→ Task to carry out: The lines from the one containing "Frau Ute Filsinger" through the last one in the data: please copy those exactly, and only those, without the pictures.

Supplied information section start

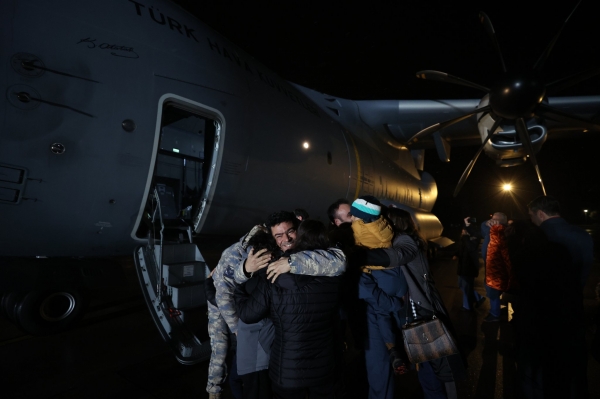 土耳其国防部公布的A400M军用运输机机组在降落后与家人团聚照片
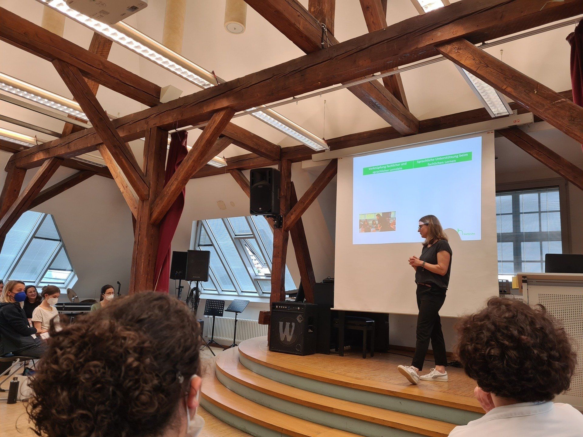 Frau Ute Filsinger von der Pädagogischen Hochschule erarbeitete mit dem Kollegium der Pestalozzischule Möglichkeiten, den Unterricht mit mehr Sensibilität für die sprachlichen Belange der Schüler*innen umzusetzen.
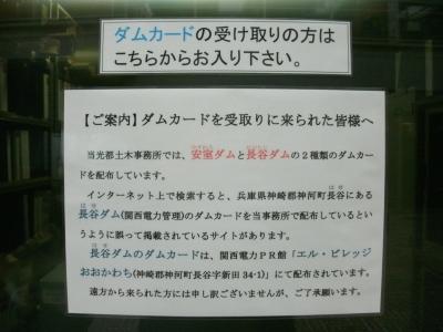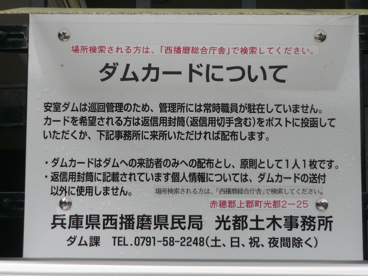 訪れたときは管理所が無人で、“光都土木事務所”に伺ってダムカードを頂くことができました。なお、この時、インターネット上で“ハセダム”についても、“光都土木事務所”でダムカードがもらえるとの間違った情報が出回っていると話を係員の方から伺いました。事務所の入り口にも、その旨の表示(添付写真参照)があったので、“ハセダム”のダムカードを収集される人は注意してください。- 旅行時期
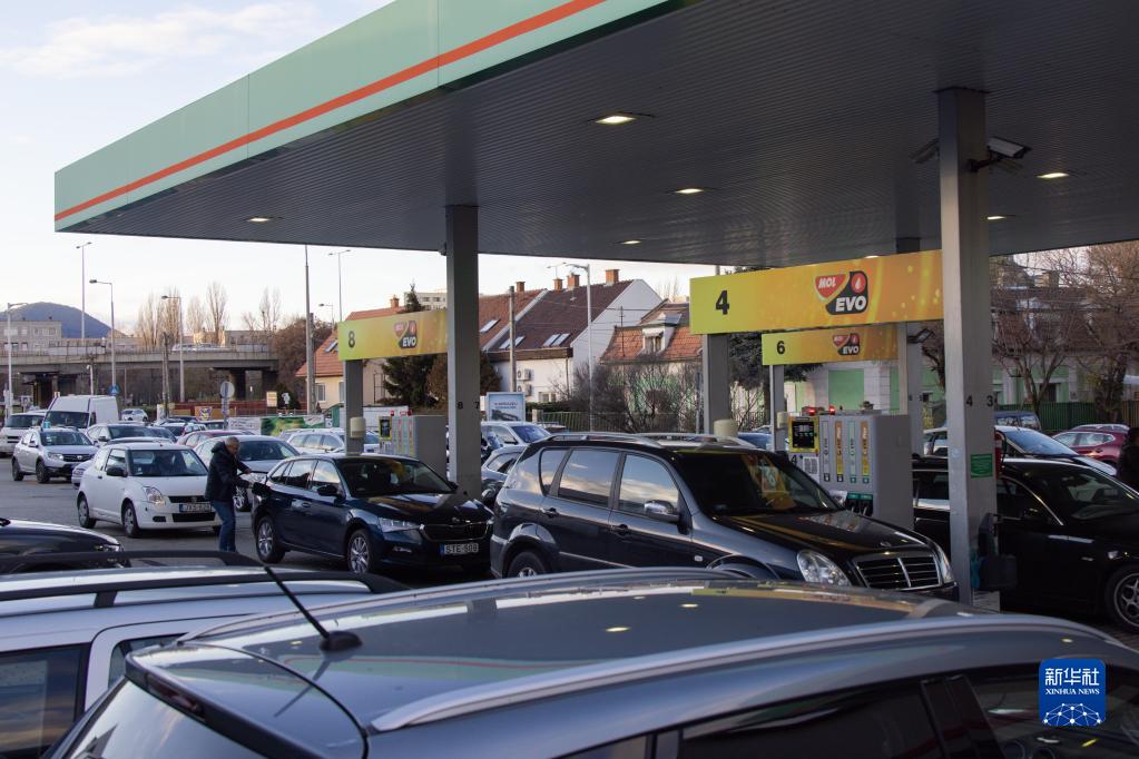 12月6日,匈牙利布達佩斯一處加油站外排起長(cháng)龍。

Supplied information section end

→ Solution to the exercise:
 Frau Ute Filsinger von der Pädagogischen Hochschule erarbeitete mit dem Kollegium der Pestalozzischule Möglichkeiten, den Unterricht mit mehr Sensibilität für die sprachlichen Belange der Schüler*innen umzusetzen.
 訪れたときは管理所が無人で、“光都土木事務所”に伺ってダムカードを頂くことができました。なお、この時、インターネット上で“ハセダム”についても、“光都土木事務所”でダムカードがもらえるとの間違った情報が出回っていると話を係員の方から伺いました。事務所の入り口にも、その旨の表示(添付写真参照)があったので、“ハセダム”のダムカードを収集される人は注意してください。- 旅行時期
 12月6日,匈牙利布達佩斯一處加油站外排起長(cháng)龍。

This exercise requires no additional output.